The primary end point, the adequate blood pressure time percentage, was defined as the percentage of time during the evaluation period when MBP >65 mmHg and SBP <140 mmHg were maintained. This value was calculated by subtracting the percentage of time during the evaluation period when either abnormal hypotension (MBP <65 mmHg) or hypertension (SBP >140 mmHg) occurred. The non-inferiority of the automated group compared to that of the manual group was assessed using a t test with a non-inferiority margin of 10% and a significance level of 5%.

Secondary end points included the percentage of cases requiring vasopressors other than phenylephrine, use of additional vasopressors administered by the anesthesiologist, total dose of phenylephrine and infusions, percentage of time with adequate anesthesia from the start to the end of surgery, esCCI, esSVI, and MBP variability.
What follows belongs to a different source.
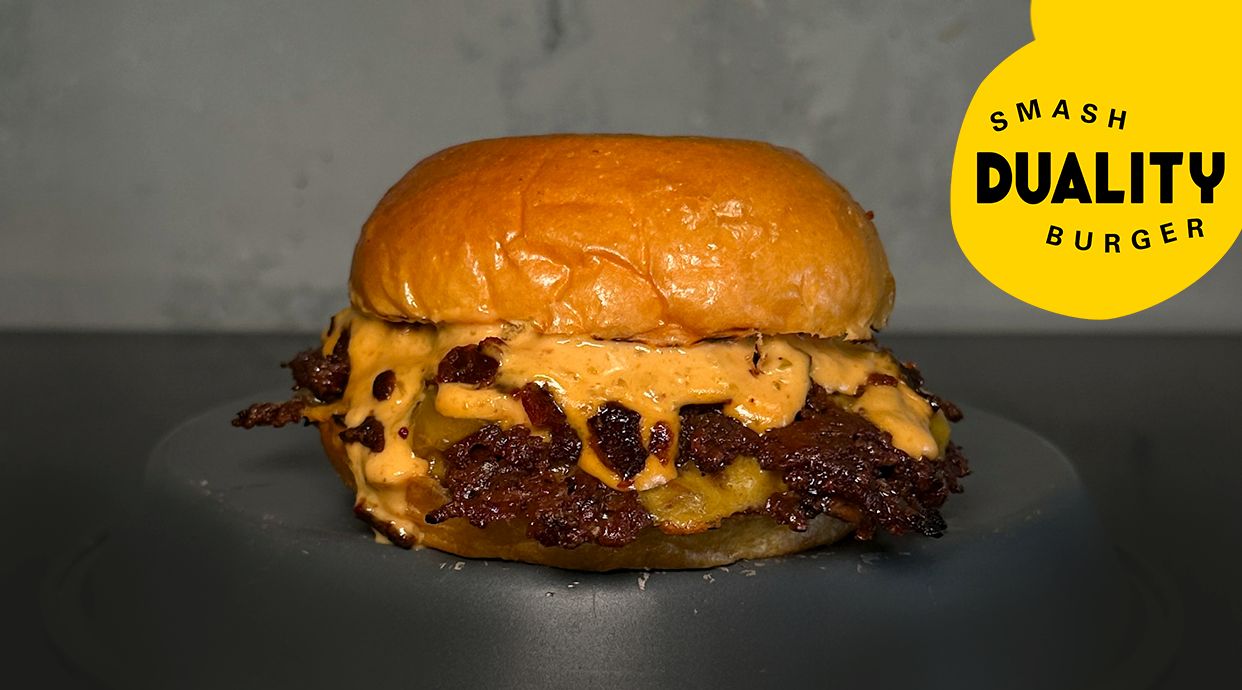 Doble de vaca smash, doble de queso cheddar, bacon crispy, salsa burger Duality Alérgenos: gluten (pan y salsa), leche (pan y queso), huevo (pan y salsa), soja y mostaza (salsa)

For safety evaluation, adverse events occurring from the day of surgery until 48 h postoperatively were assessed. Adverse events were evaluated based on the date of onset, event name, severity, treatment, outcome, and the causal relationship to the study. They were categorized as adverse events observed in subjects, adverse events observed in non-subjects, and study equipment malfunctions.

Sample size design

Due to the absence of previous or similar studies, we assumed that the regulatory performance would be comparable between the manual and automated groups, as described in a developmental study of the automated delivery system for TIVA [7]. We calculated a power of 90%, a non-inferiority margin of 10%, and a dropout rate of 20% (e.g., no circulatory agonist administered). The required sample size was calculated to be 20 patients in total.